The classic illustration runs as a cascade. You want to wax your car, but the hose is broken, so you need a new hose, but the hardware store requires a membership card you lent to a neighbor, who borrowed it because of something involving a pillow, which leads, by a long chain, to needing some yak hair, which means you end up at the zoo shaving a yak. None of those steps has anything obvious to do with waxing a car, yet each is a genuine prerequisite for the one before it.
The Jargon File records that the term originated at the MIT AI Lab, and dates its coinage to after the year 2000, noting it probably derives from a “Ren and Stimpy” episode involving a literal yak. That places yak shaving among the newer additions to the lexicon, a reminder that hacker slang keeps growing as long as the culture does, and that even a maintained reference work documents its entries’ origins where it can.
What makes the term useful is that it names a specific and very common experience precisely. It is not the same as ordinary procrastination, where you avoid the real work; in yak shaving every individual step really is necessary, which is exactly what makes it so frustrating and so hard to stop. The recursion is the whole point: each task spawns a prerequisite, and you only get to climb back up the stack once the deepest, most absurd-seeming chore is finished.

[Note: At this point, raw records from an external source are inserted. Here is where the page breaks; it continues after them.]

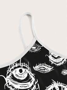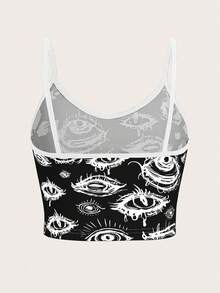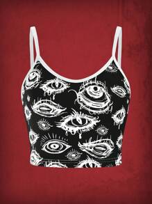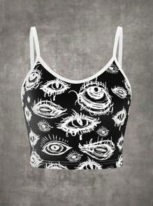 Grunge Punk Eye Print Contrast Binding Cami Top
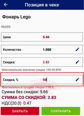 В поле «Скидка %» можно ввести число от 0.01 до 99.99.
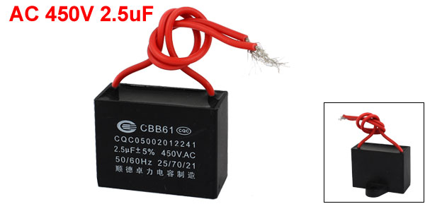 Product Name Motor Capacitor Model CBB61 External Material Plastic Dielectric Material Metalized Polypropylene Film Rated Capacitance 2.5uF Tolerance ±5% Rated Frequency 50/60Hz Rated Voltage AC 450V Body Size 37 x 30 x 28mm/ 1.45" x 1.2" x 1.1"(L*W*T) Fixing Hole Diameter 4mm/0.16" Cable Length 8cm/ 3.1" Net Weight 24g Package Content 1 x Motor Capacitor - Reviews
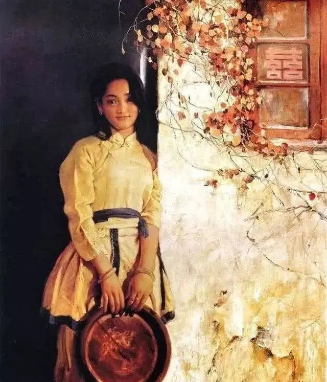 在油画作品中的周迅,稍有点婴儿肥,眼神里满是清澈,一脸的稚嫩,少女之美扑面而来。
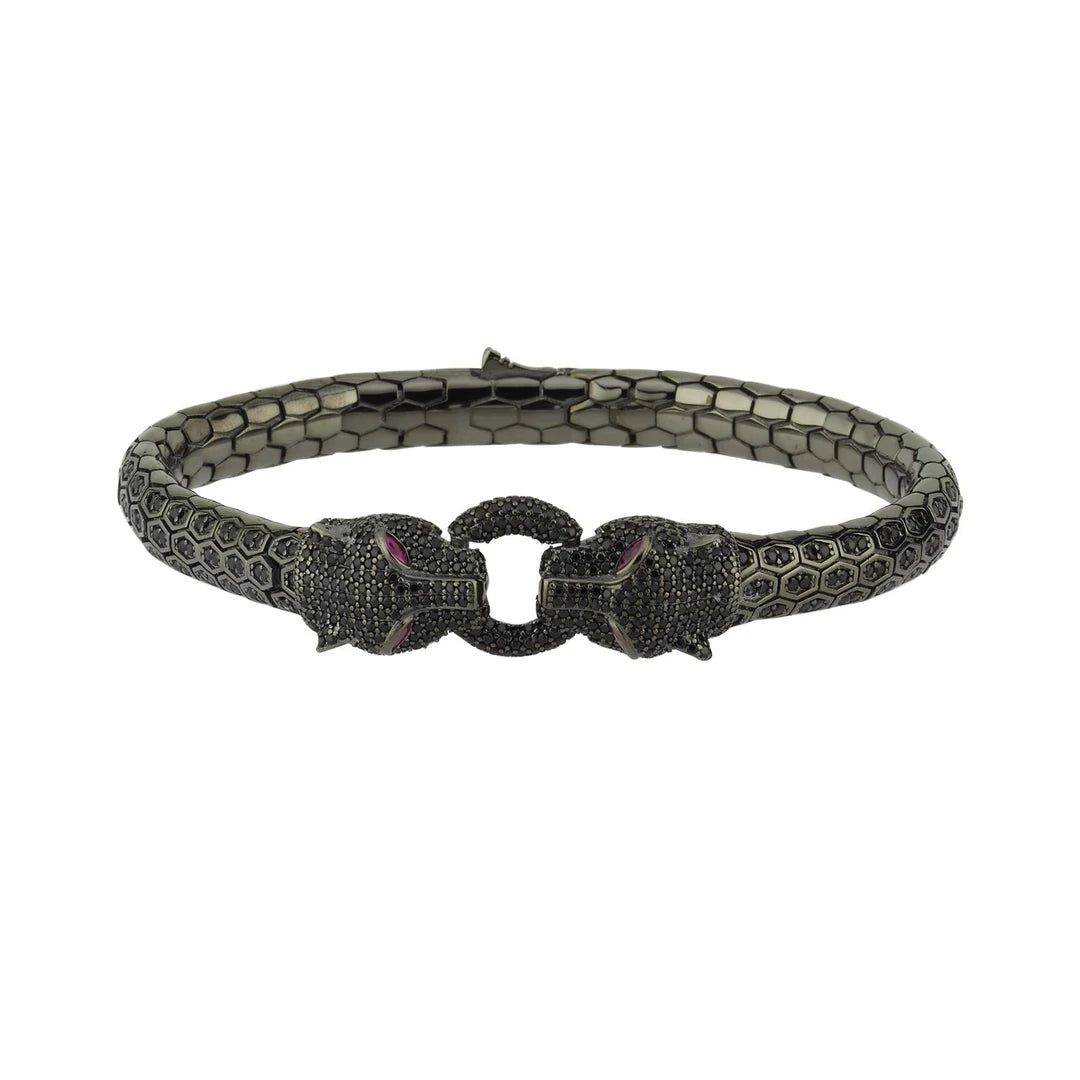 Tam Siyah Zirkonyum Pırlantalarla Süslenmiş Panher Başlı Gümüş Bileklik
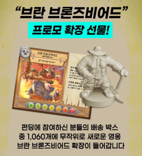 펀딩에 참여하신 분들에게 무작위 1,060개의 배송박스에 새로운 영웅 브란 브론즈비어드 확장이 들어갑니다. 랜덤 추첨방식이라 많이 아쉽네요.
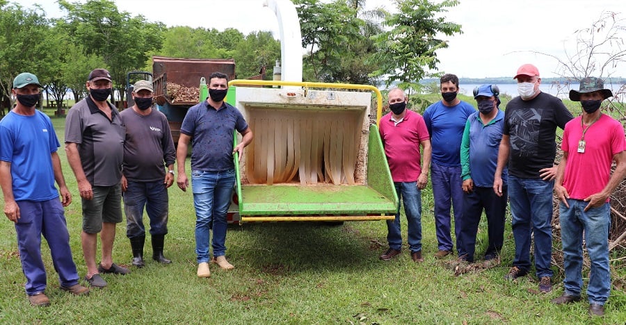 Autoridades municipais e servidores do Parque de Lazer Annita Wanderer, no distrito de Porto Mendes, prestigiaram, na manhã desta quinta-feira (11), a entrega técnica de um triturador de galhos. O equipamento será utilizado no parque de lazer para eliminar galhos que caem constantemente das árvores situadas na parte interna da prainha.
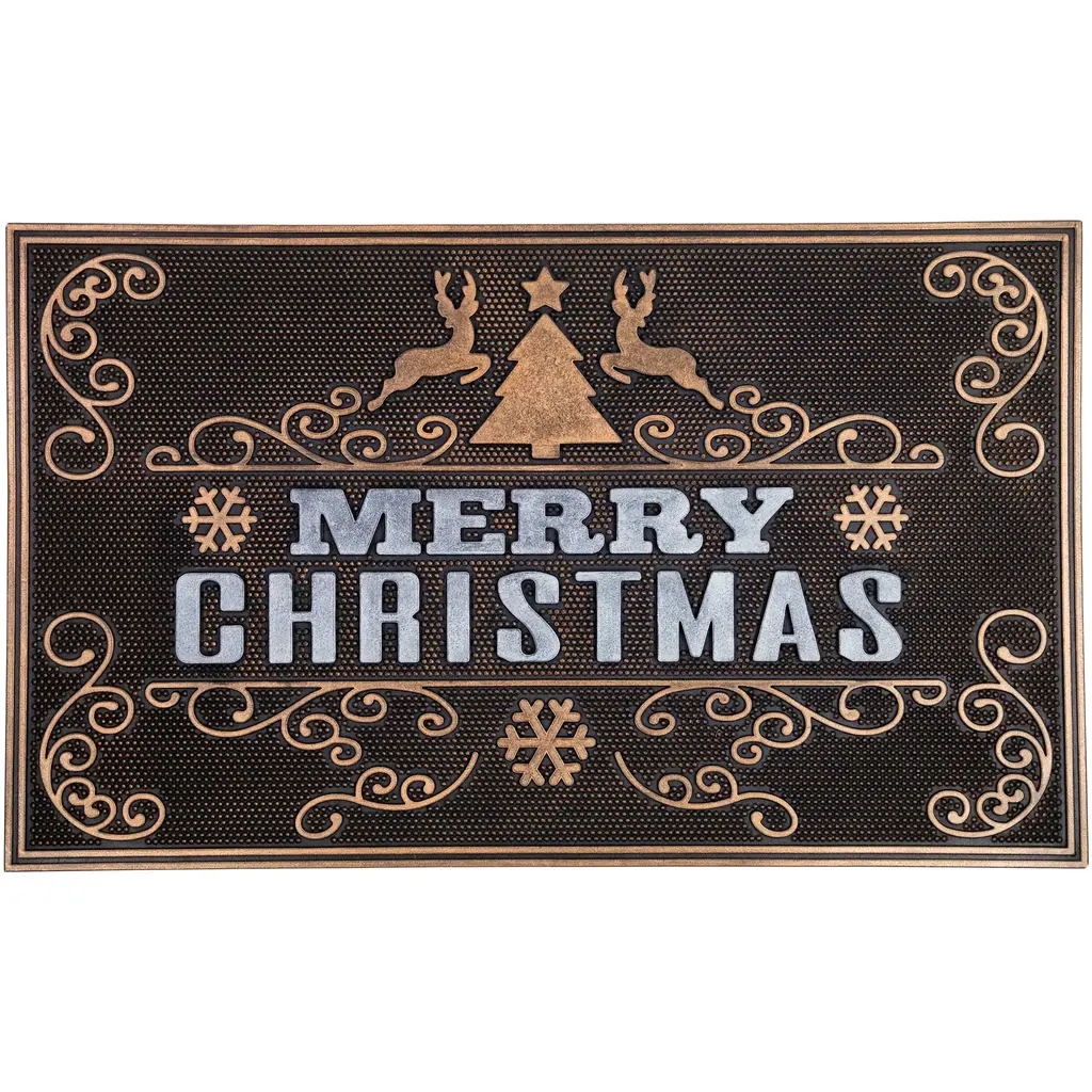 Copper And Silver Merry Christmas Reindeer Christmas Doormat 29 X 18 - Gold
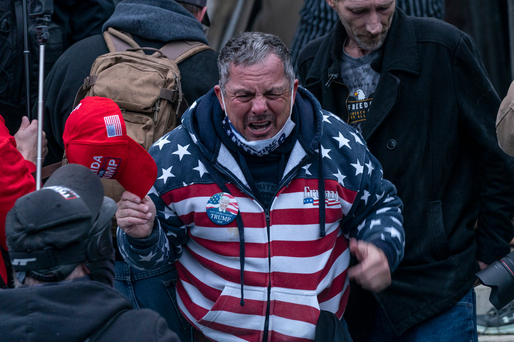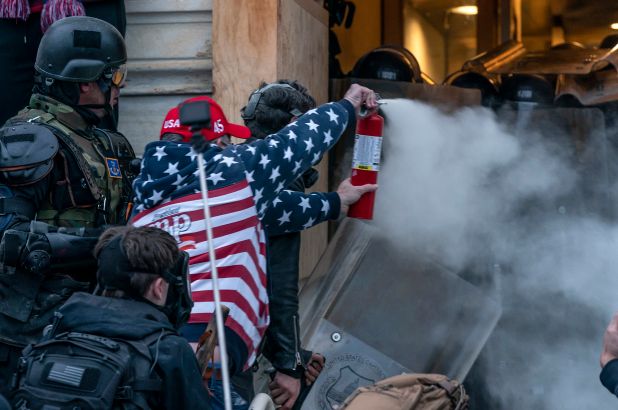 Robert Scott Palmer, 53, was allegedly captured on camera spraying officers at close range then throwing the emptied canister at them while wearing an easy-to-spot American flag jacket on Jan. 6, the Huffington Post reported.

Because it captures something every programmer recognizes, yak shaving has spread well beyond the lab where it was coined. To announce that you are “shaving a yak” is to acknowledge, with a degree of self-deprecating humor, that you have descended several levels away from your actual goal and may be there for a while. Like much of the vocabulary preserved in the Jargon File, it turns a shared annoyance into a shared joke.